• **EXERCISE DATA**
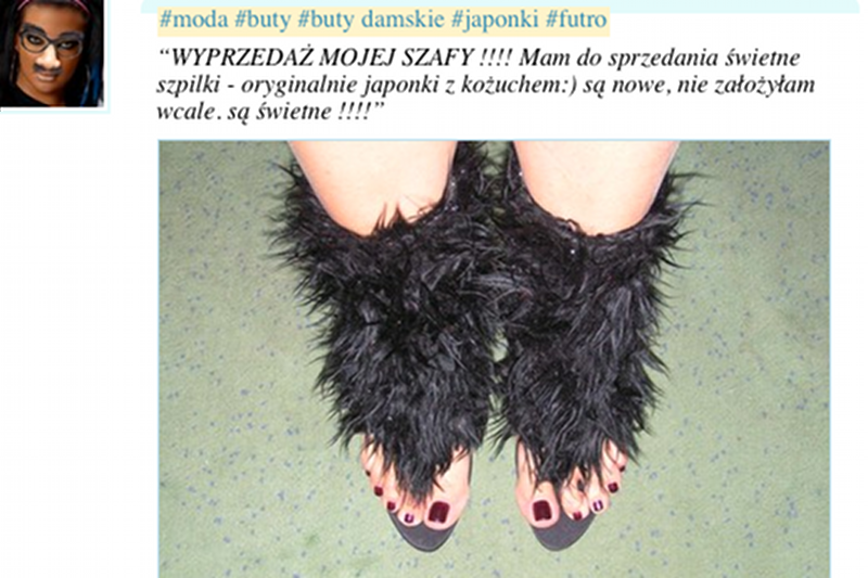 To prawdziwa jaskinia skarbów Alibaby. Sezam absurdu i dowodów na to, że są rzeczy na niebie i ziemi, które nie śniły się filozofom. Blog ma już 149 stron, a na każdej co najmniej trzy osobliwości. Dziwne swetry, które nie robiły furory już w latach 80., buty, których podeszwy proszą się choćby o leciutki retusz ( fizyczny lub photoshopowy), łaszki, których pani w Taniej Odzieży nie sprzedałaby za 2zł, podróbki wszystkiego na świecie, suknie ślubne, które zawstydziły niejedną pannę młodą z „My Big Fat Gipsy Wedding”, obuwie dla panów, którzy gustu uczyli się od Andrzeja Leppera i pantofelki dla pań, które wyznają zasadę : im więcej tym lepiej.
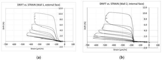 Figure 17 shows the relationship between the drift of the walls and the average vertical strain of the walls’ concrete, near but below the connection with the slab, at both the internal and the external faces. In this case, a positive value of strain denotes tension, and a negative value denotes compression.
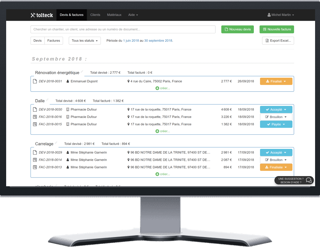 Très bonne expérience avec tolteck assez complet simple à utiliser une très bonne présentation des devis et facture
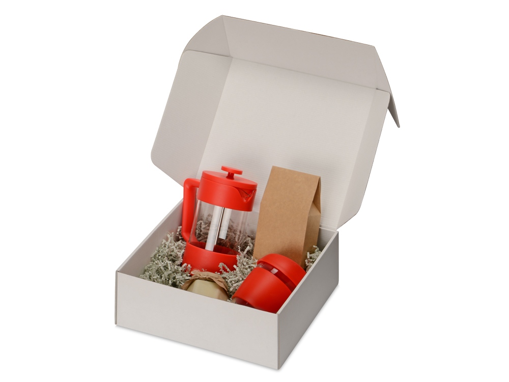 Набор Бодрое утро содержит все необходимое для действительно приятного пробуждения. В нем вы найдете все, что нужно для приготовления вашей первой чашечки кофе с утра: френч-пресс, упаковку робусты темной обжарки, стакан с силиконовыми деталями и баночку крем-меда, который составит прекрасную пару крепкому напитку. Набор упакован в белую картонную коробку и переложен бумажным наполнителем. -
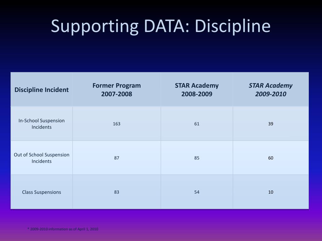 Supporting DATA: Discipline * 2009-2010 information as of April 1, 2010
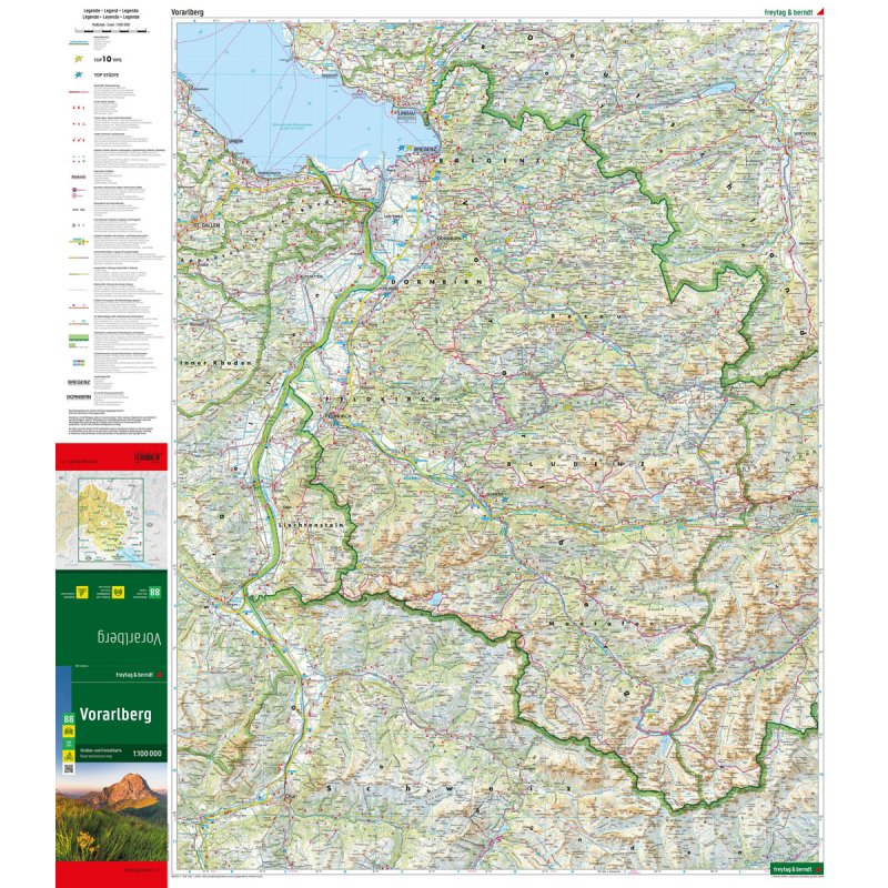 Mit der Straßen- und Freizeitkarte Vorarlberg im Maßstab 1:100.000 finden sich Urlauber die mit Auto, Motorrad oder Wohnwagen unterwegs sind bestens zurecht. Das weit verzweigte Straßennetz ist exakt abgebildet, alle wichtigen Radrouten, Entfernungen und viele Ausflugsziele sind in der Karte eingezeichnet.
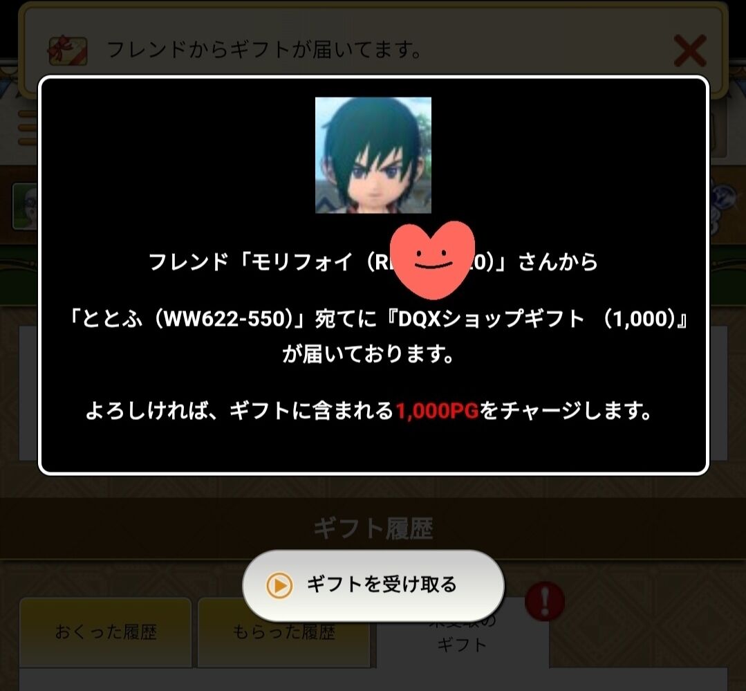 ギフトを受け取る画面が出てきて、受け取ることができます!

• **EXERCISE DETAILS**
Restate all of the material above word for word, excluding the pictures.

• **COMPLETED TASK**
 To prawdziwa jaskinia skarbów Alibaby. Sezam absurdu i dowodów na to, że są rzeczy na niebie i ziemi, które nie śniły się filozofom. Blog ma już 149 stron, a na każdej co najmniej trzy osobliwości. Dziwne swetry, które nie robiły furory już w latach 80., buty, których podeszwy proszą się choćby o leciutki retusz ( fizyczny lub photoshopowy), łaszki, których pani w Taniej Odzieży nie sprzedałaby za 2zł, podróbki wszystkiego na świecie, suknie ślubne, które zawstydziły niejedną pannę młodą z „My Big Fat Gipsy Wedding”, obuwie dla panów, którzy gustu uczyli się od Andrzeja Leppera i pantofelki dla pań, które wyznają zasadę : im więcej tym lepiej.
 Figure 17 shows the relationship between the drift of the walls and the average vertical strain of the walls’ concrete, near but below the connection with the slab, at both the internal and the external faces. In this case, a positive value of strain denotes tension, and a negative value denotes compression.
 Très bonne expérience avec tolteck assez complet simple à utiliser une très bonne présentation des devis et facture
 Набор Бодрое утро содержит все необходимое для действительно приятного пробуждения. В нем вы найдете все, что нужно для приготовления вашей первой чашечки кофе с утра: френч-пресс, упаковку робусты темной обжарки, стакан с силиконовыми деталями и баночку крем-меда, который составит прекрасную пару крепкому напитку. Набор упакован в белую картонную коробку и переложен бумажным наполнителем. -
 Supporting DATA: Discipline * 2009-2010 information as of April 1, 2010
 Mit der Straßen- und Freizeitkarte Vorarlberg im Maßstab 1:100.000 finden sich Urlauber die mit Auto, Motorrad oder Wohnwagen unterwegs sind bestens zurecht. Das weit verzweigte Straßennetz ist exakt abgebildet, alle wichtigen Radrouten, Entfernungen und viele Ausflugsziele sind in der Karte eingezeichnet.
 ギフトを受け取る画面が出てきて、受け取ることができます!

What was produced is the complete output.